I just read the Wikipidia article "n-sphere" where I quote : "Interestingly, given the radius R, the volume and the surface area of the n-sphere reaches a maximum and then decrease towards zero as the dimension n increases". Can you explain it in an intuitive way ? I think the math behind the formula of the surface or volume of an n-sphere is too difficult for me too understand. I just would like to understand why is the volume/surface decrease and reach 0. That seems unbelievable for me.
Thank you!
Let $V_n(r)=A_nr^n$ be the volume of the $n$-sphere of radius $r$. Then $$A_n=V_n(1)=\int_{-1}^1V_{n-1}(\sqrt {1-x^2}\;)\;dx=$$ $$=2\int_0^1V_{n-1}(\sqrt { 1-x^2}\;)\;dx=$$ $$=2\int_0^1A_{n-1}\cdot (1-x^2)^{(n-1)/2}\;dx.$$
For very large $n$ and for $x\in [0,1]$ the value of $(1-x^2)^{(n-1)/2}$ is small except when $x$ is near $0$.

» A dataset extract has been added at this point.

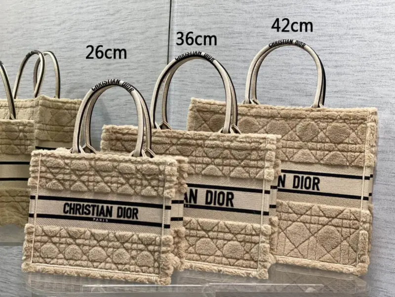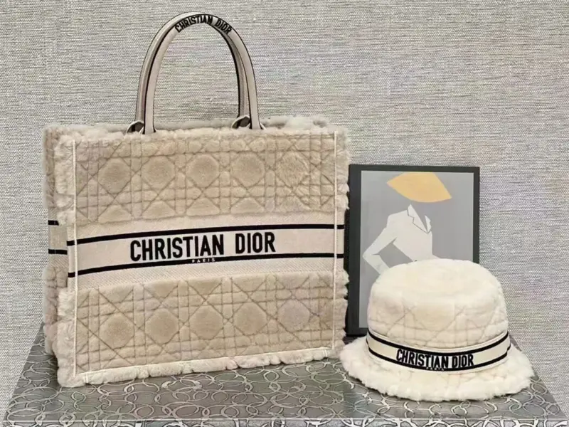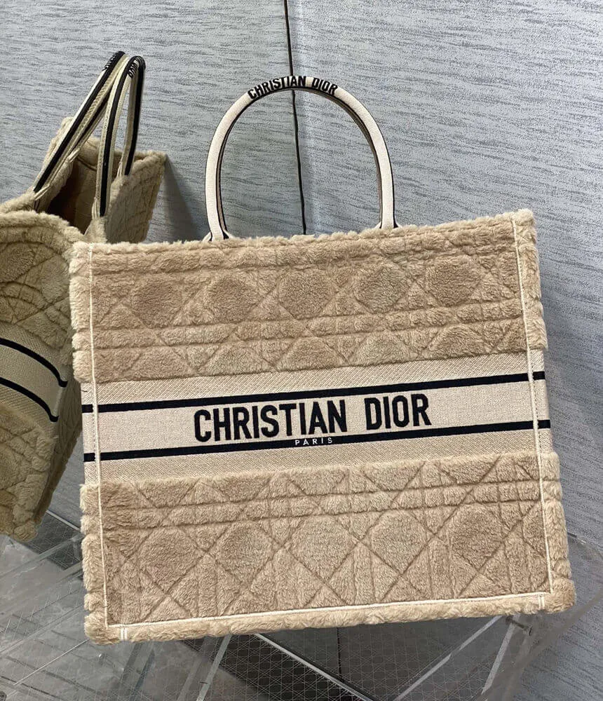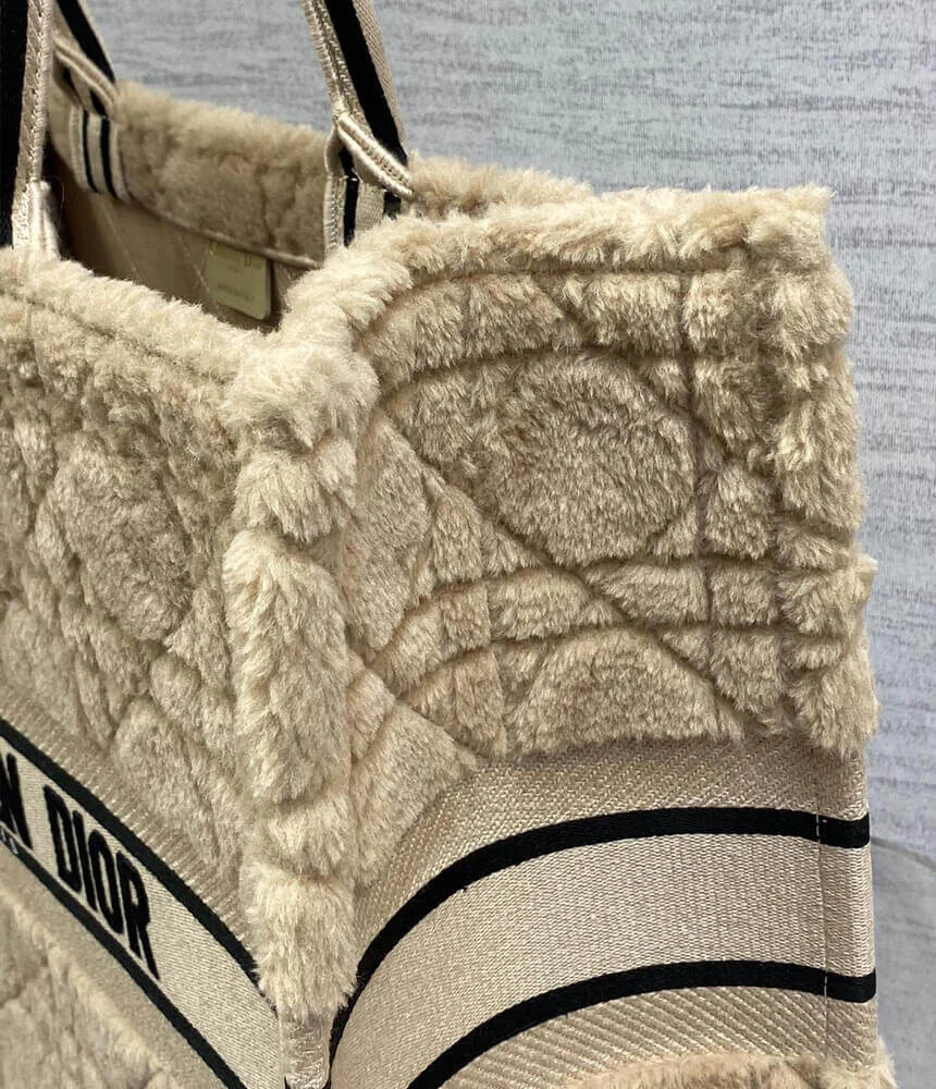 Large Book Style Tote in Beige Cannage Shearling M1286

For example when $n\geq 405$ and $x\in [0.1,1]$ we have $$(1-x^2)^{(n-1)/2}\leq (1-.01)^{202}<1/7.$$ And for $x\in [0,0.01]$ we have (obviously) $(1-x^2)^{(n-1)/2}\leq 1.$
So for $n\geq 405$ we have $$A_n/A_{n-1} =2\int_0^1 (1-x^2)^{(n-1)/2}\;dx\leq$$ $$\leq 2\int_0^{0.01}1\;dx+2\int_{0.01}^1(1/7)\;dx<1/3.$$ So $A_n <(A_{n-1})/3$ for all $ n\geq 405,$ so $A_n$ must converge to $0.$